Louis remonta vers la gare Lille Flandres. Le soleil brûlait, là-haut. Les terrasses des bars étaient pleines. Les rues aussi. Ça gueulait. Ça chantait, parfois. L’ambiance était bon enfant. Il traversa la foule. La chaleur humaine empestait. Des relents de tabac s’abattaient sur son visage. Louis continuait de forcer son passage. Ça jouait des épaules s’il le fallait. Le tempo s’accélérait. Euralille. Les autos arrivaient de tous les côtés. Les bus s’entassaient et ralentissaient la circulation. On klaxonnait, on ouvrait sa vitre pour beugler des insultes pour les plus téméraires. Il faisait chaud, bon dieu. L’avenue le Corbusier était toujours bondée, le monde s’agitait dans tous les sens, ne se préoccupant plus des stops et des temps morts. Néanmoins, l’espace semblait scindé. Près de la bouche du métro, les tziganes et pauvres gens du pays se regroupaient. Ils effrayaient les passants par leur simple présence et leurs trognes de marginaux. Chacun sa crasse, on peut le dire. De l’autre côté, la grande place était toujours noire de monde. Les voyageurs ou autres lillois la traversaient paisiblement, profitant du soleil caressant leur peau. Louis descendit une petite pente menant au grand parc derrière la gare Lille Europe, devant lui, un grand espace de béton, autour duquel régnait une grande étendue de verdure.

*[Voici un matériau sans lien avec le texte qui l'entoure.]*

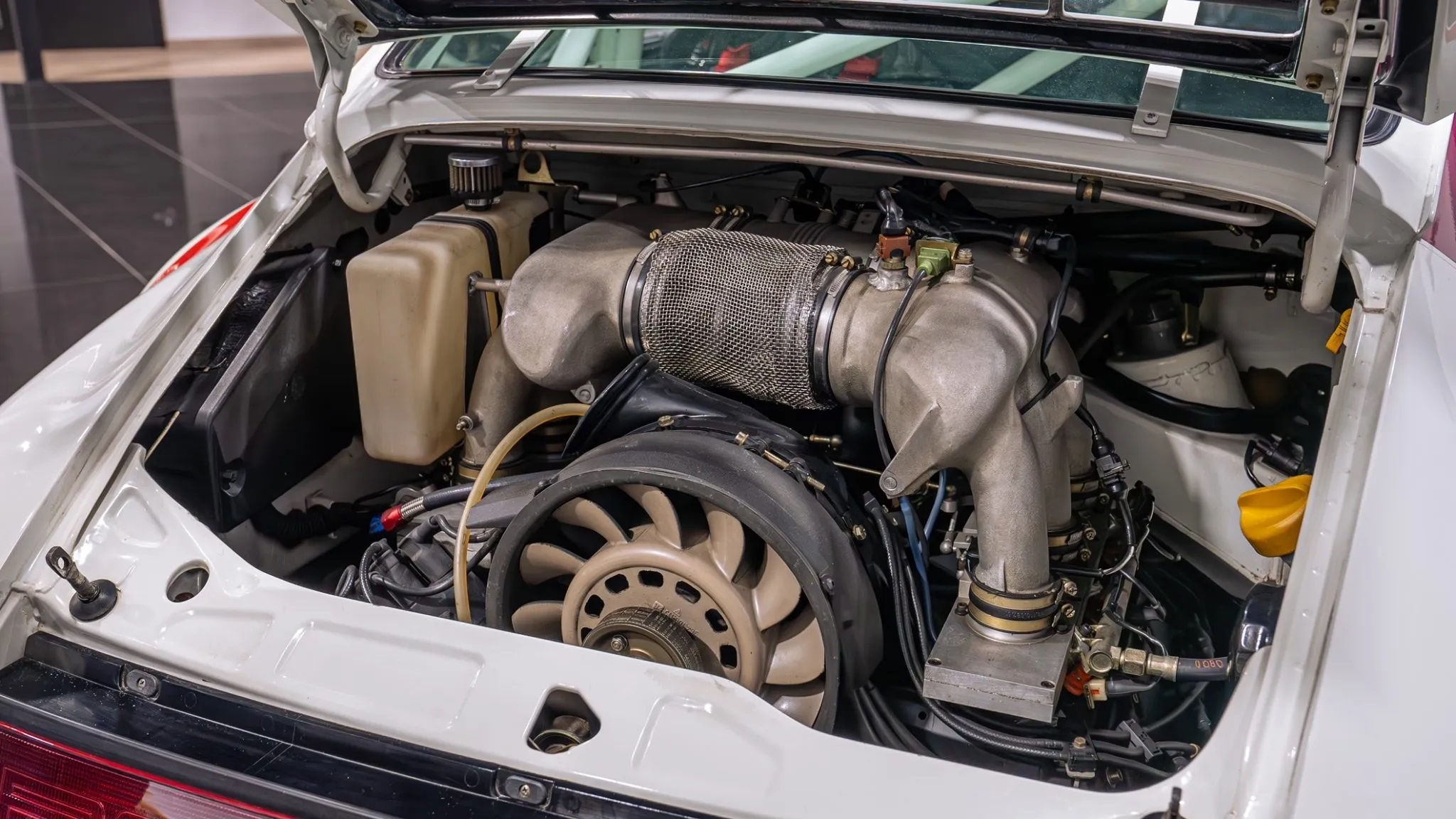 Powering the RSR 3.8 was an air-cooled, naturally aspirated six-cylinder Type 64/04 engine, derived from the 964’s 3.6-liter motor. With higher compression, twin ignition, individual throttle bodies, and Bosch electronic fuel injection, the engine produced an official 325 horsepower, though actual output was around 375–390 horsepower and 284 lb-ft of torque.
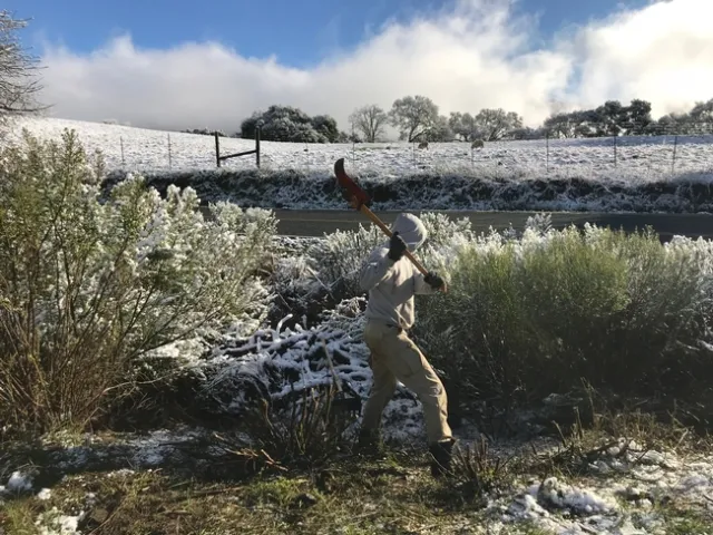 Clearing brush, to be prepared for future fire was one of the key tasks that the team helped HREC with.
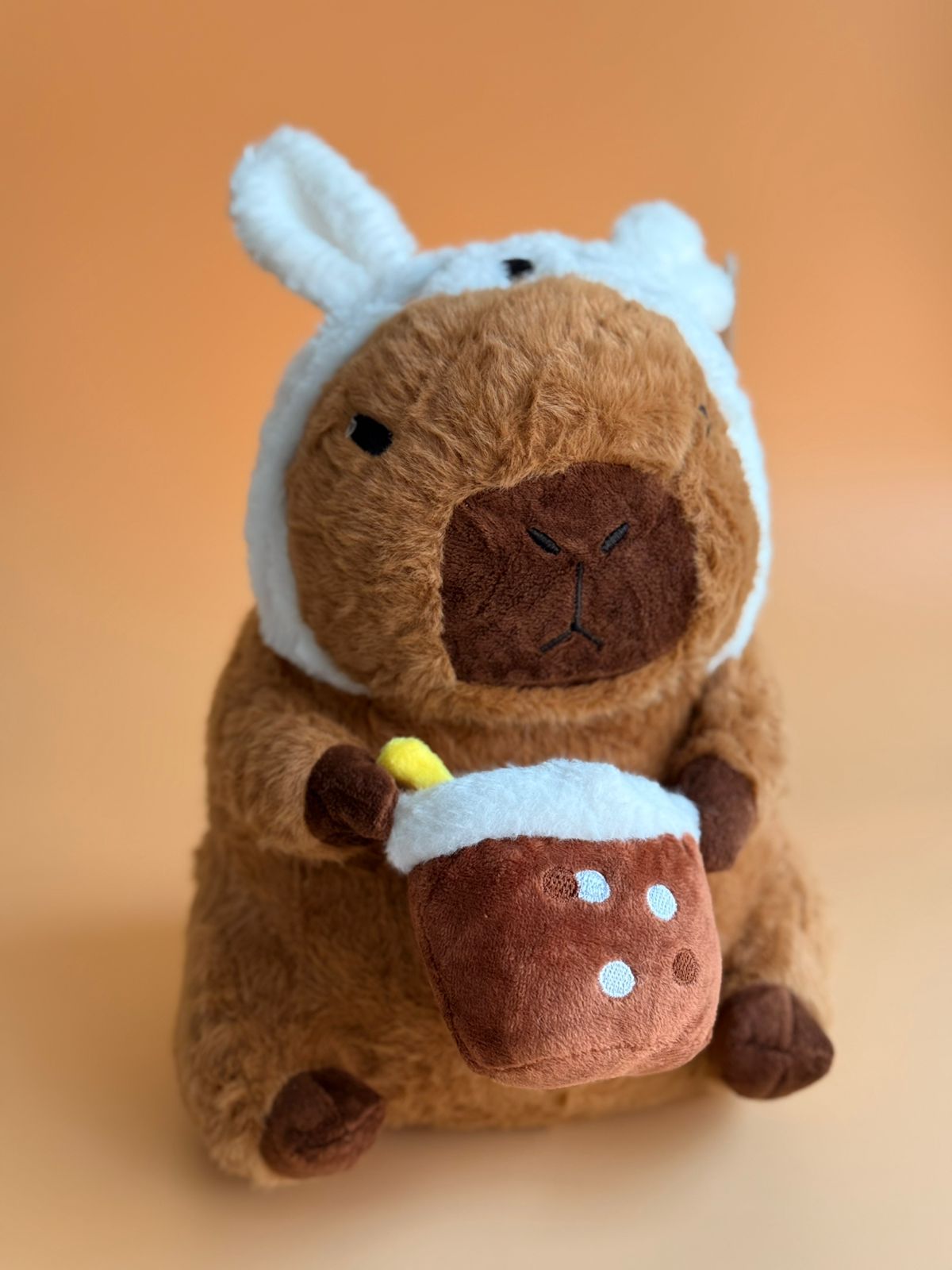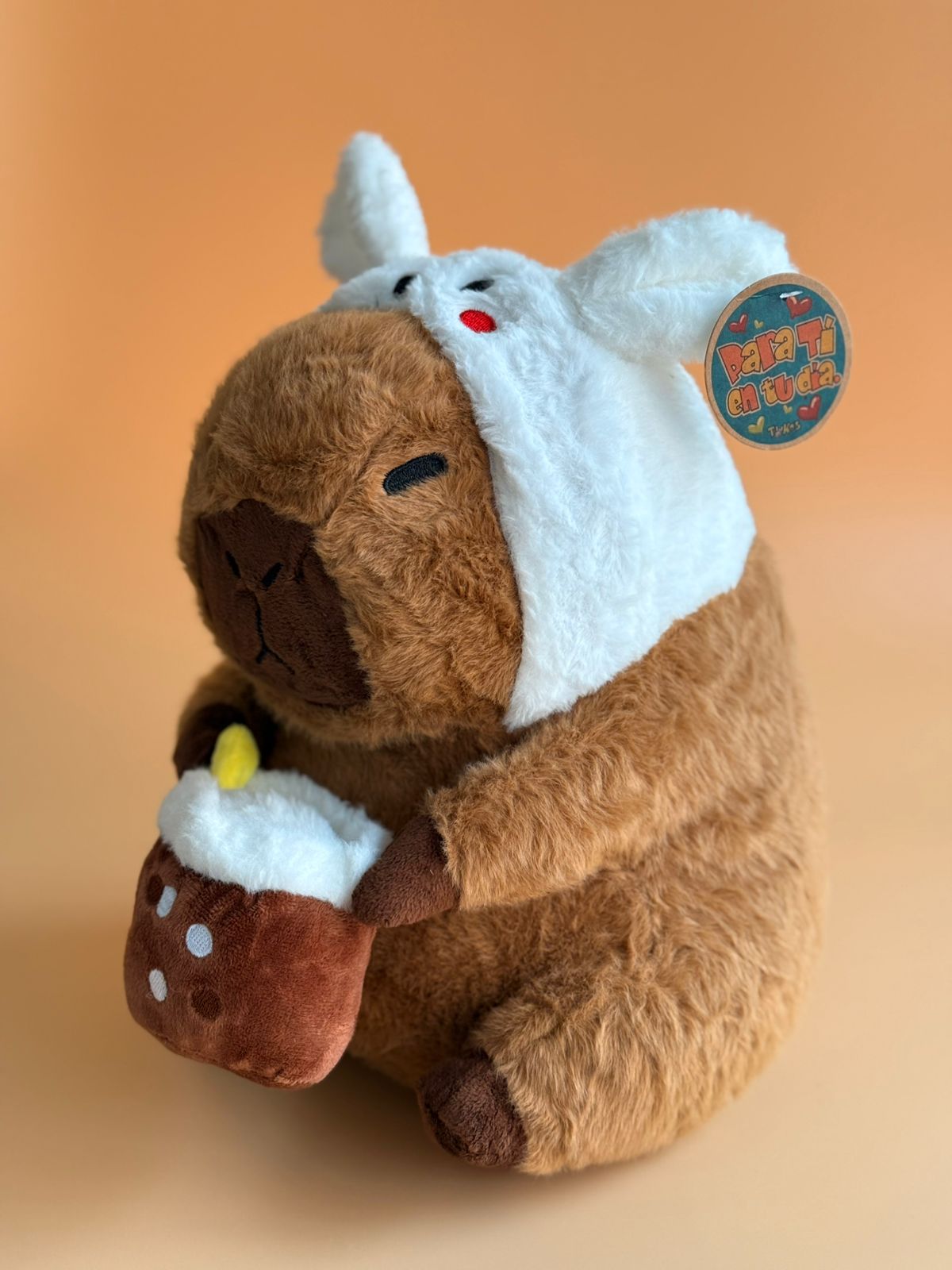 Conoce a nuestro adorable capibara disfrazado de conejito, el peluche más tierno y suave que conquistará corazones. Con sus 30 cm de altura perfecta, este amiguito peludo es ideal para abrazar y acariciar. Su disfraz de conejito le da un toque irresistiblemente cómico y encantador. Perfecto como regalo para niños y coleccionistas que aman lo peculiar y adorable. ¡Un compañero suave y acogedor que promete muchas sonrisas!
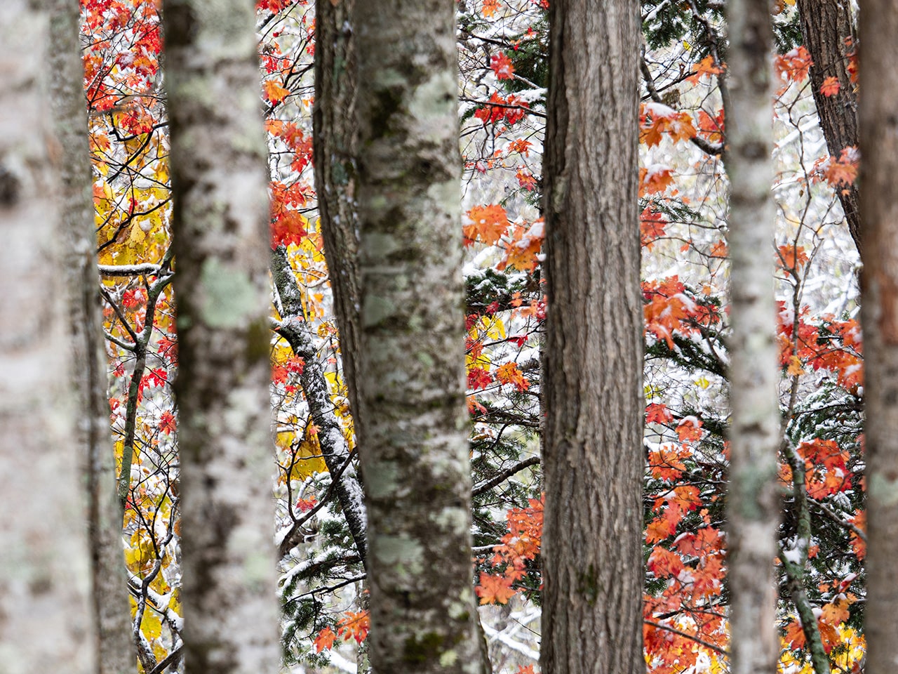 絞り値F2.8のボケを生かし異なる木の幹の模様と、奥に鮮やかな雪紅葉を配置し絵画のように仕上げた。大口径レンズだからこそ表現できる世界だ。
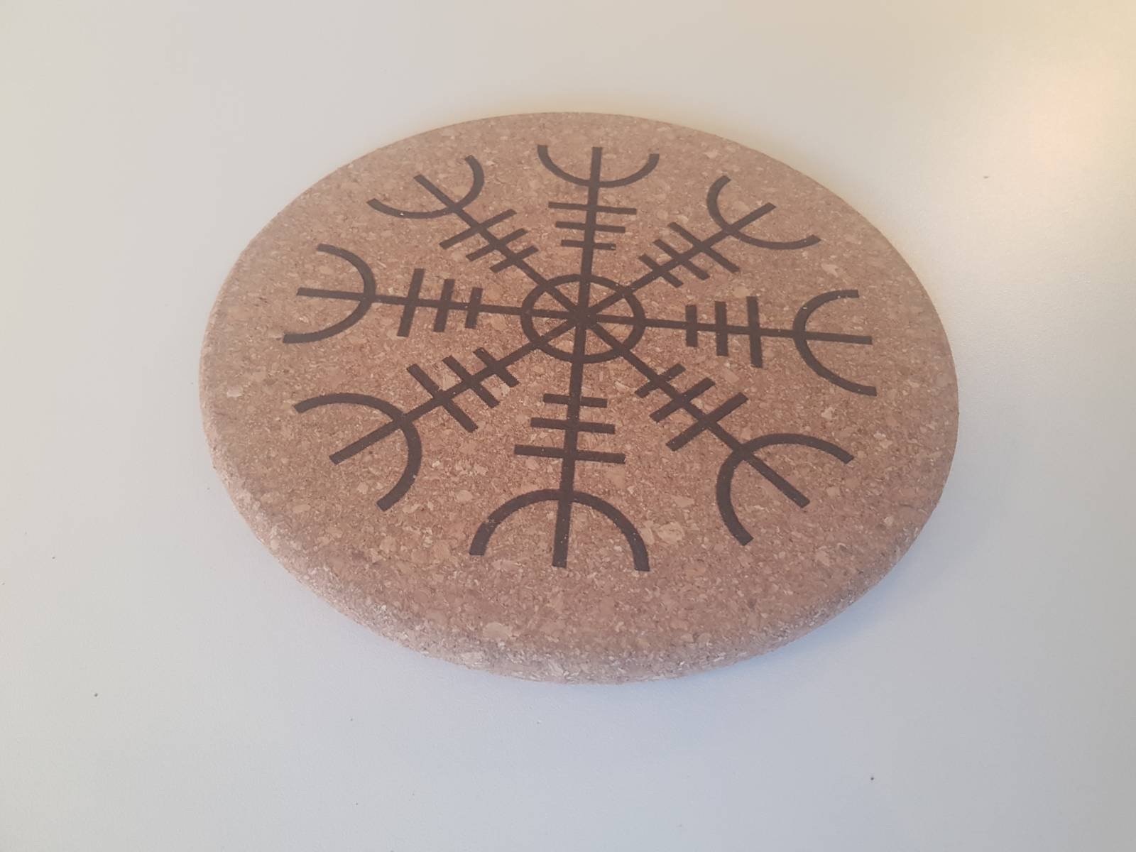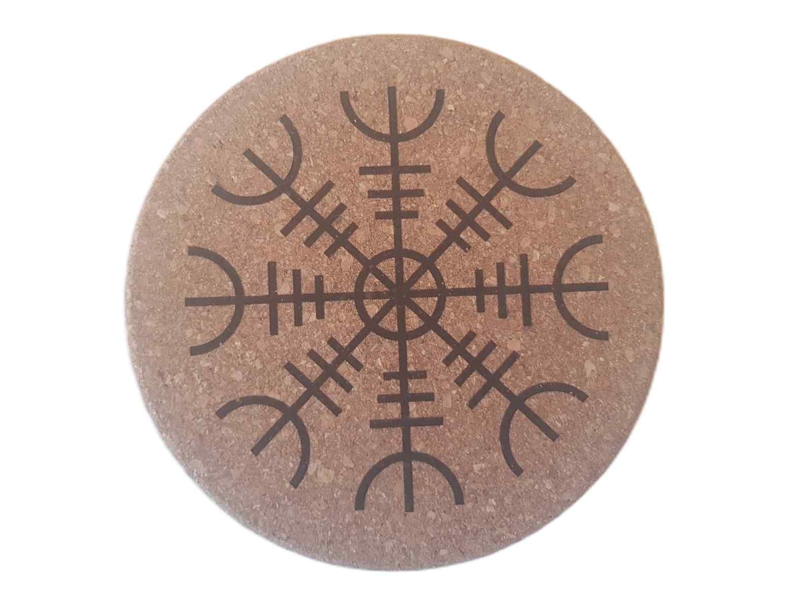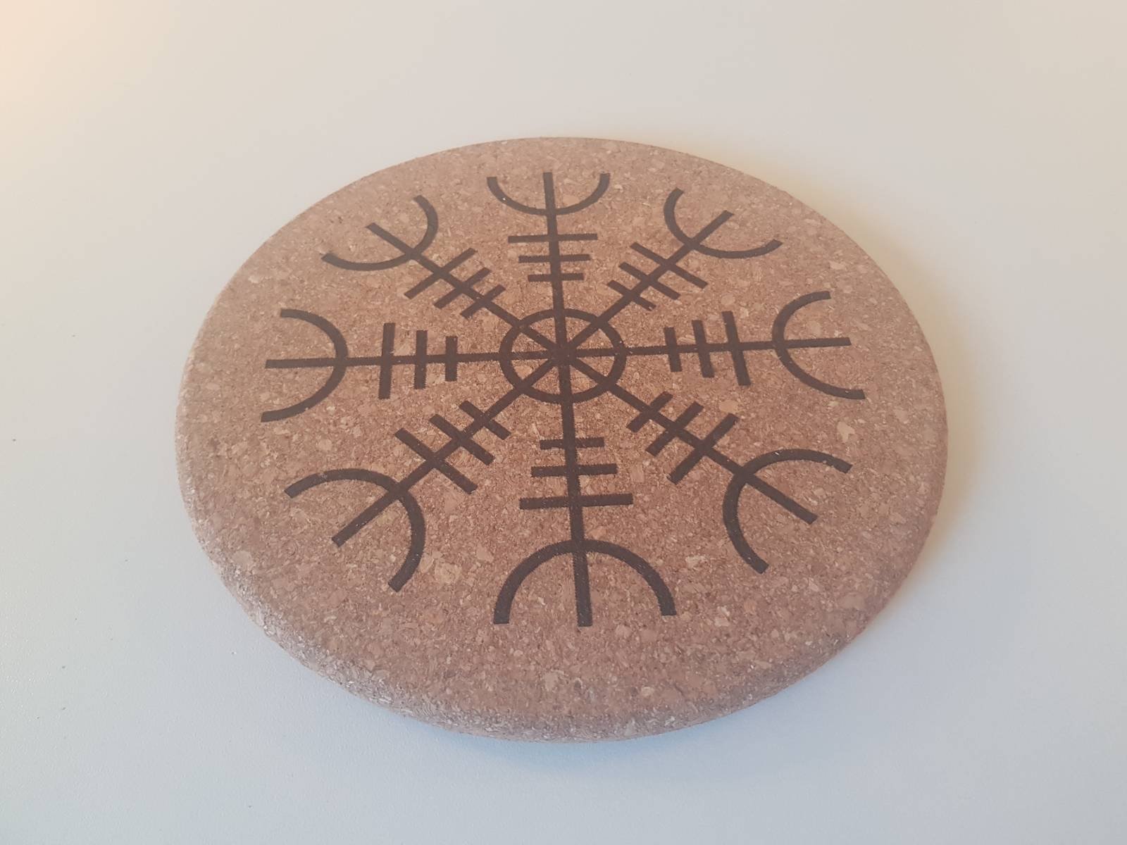 Det här häftiga grytunderlägget är tillverkat av kork. Det har Ægishjálmur ingraverat snyggt i svart.
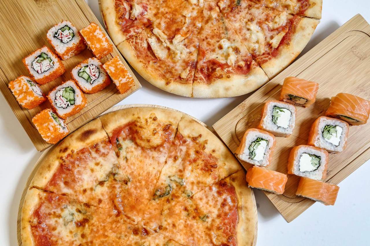 Калифорния с лососем, Специальный ролл, Филадельфия с лососем; Рис, нори, лосось, креветки, тобико, ангила, кунжут, сливочный сыр, огурцы, авокадо; Вес 980 г/ California cu somon, Special roll, Philadelphia cu somon; Orez, nori, somon, creveți, tobiko, angilă, susan, cremă de brânză, castraveți, avocado; Gramaj 980 g
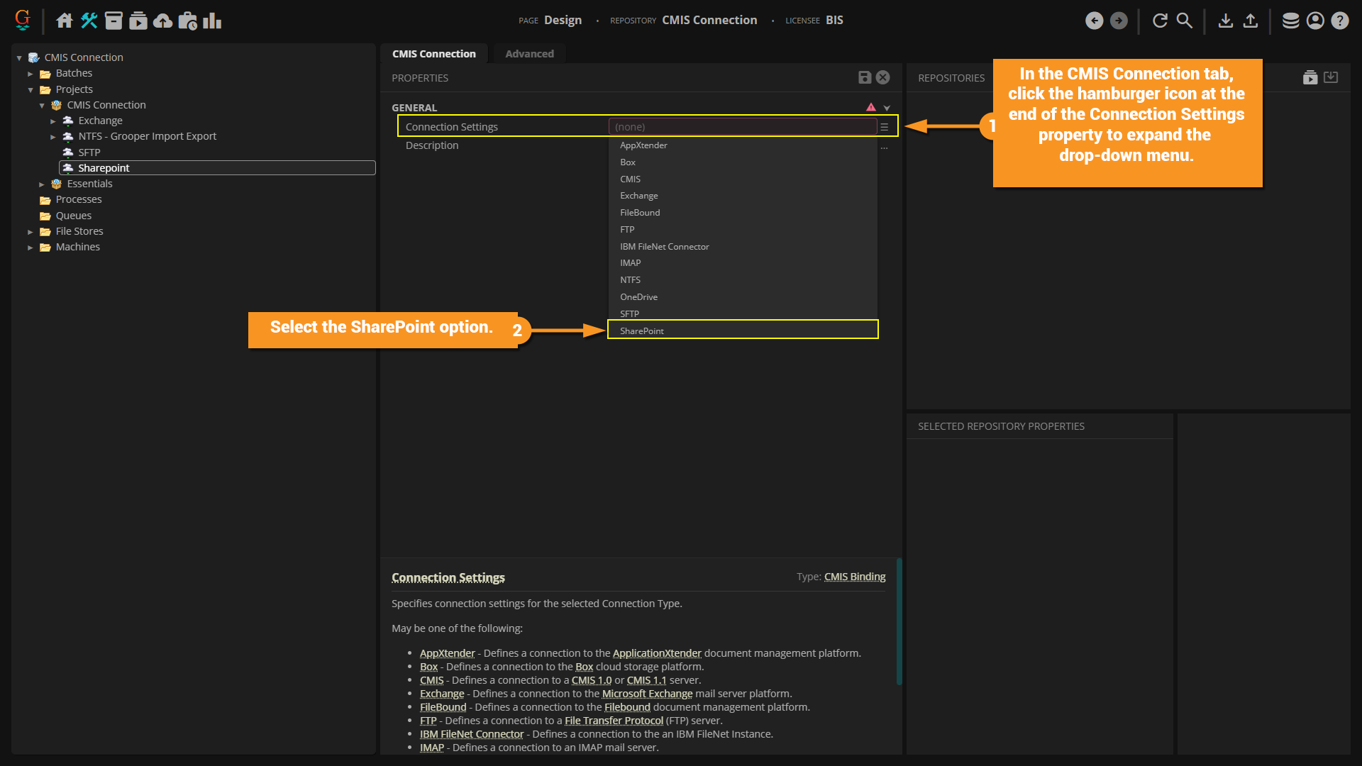 The SharePoint Connection Type is a CMIS binding that connects to Microsoft SharePoint, providing access to content stored in Document Libraries and Picture Libraries.

Serge était assis sur son banc habituel. Le regard perdu face à la gare Lille Europe. A l’arrivée de Louis, il passa sa main dans ses longs cheveux gris.

-Ciao Louis, tu vas bien ?

Louis haussa les épaules et s’assit à ses côtés. Il rejoignit Serge dans sa contemplation.

-ça fait combien de temps qu’on se connait, Louis, reprit-il.

-25 ans, pas plus, pas moins, répondit-il sans hésiter.

_Va’be, on peut dire qu’on se connait bien maintenant, hein ?

Louis acquiesça, ne voyant pas où le vieil italien voulait en venir.

-Alors, dis-moi qu’est-ce que tu fous avec un sac de voyage à cette heure-ci ?

Louis prit la cannette de 64 posée au pied de Serge, il avala une gorgée et marmonna « J’en sais rien ».

Serge sortit une garrot de la poche de son blouson et l’alluma. Ses ongles étaient longs et jaunis par le tabac. Il prit une bouffée et lâcha un soupir. Ils étaient là, tous les deux, cannette à la main. On aurait dit de ces SDF grillant leur temps dans les squares.

- On a passé notre vie sur les rails, il serait temps d’échanger les rôles, tu crois pas ?

- Et pour aller ou, hein ? Et faire quoi ? J’ai tous vu de cette foutue ville, je l’ai vue grandir, je la vois périr, autant qu’elle m’emporte avec elle !

- ça, c’est à toi de le décider. Je pense que tu vaux mieux que ce tas de béton, tu es encore assez léger pour un envol.

Silence. Une dernière pige ? La première, à vrai dire. Tout envoyer chier, Louis l’avait déjà à moitié décidé en claquant la porte de son appartement. Il se leva, fit quelques pas vers la gare et se retourna, « Tu viens ? »

-Non, moi, je reste ici, dit Serge en achevant sa bière. Louis sourit tristement. Il fit un clin d’œil à son camarade et resserra son couvre-chef. Oui, c’était peut-être ça la solution. Partir.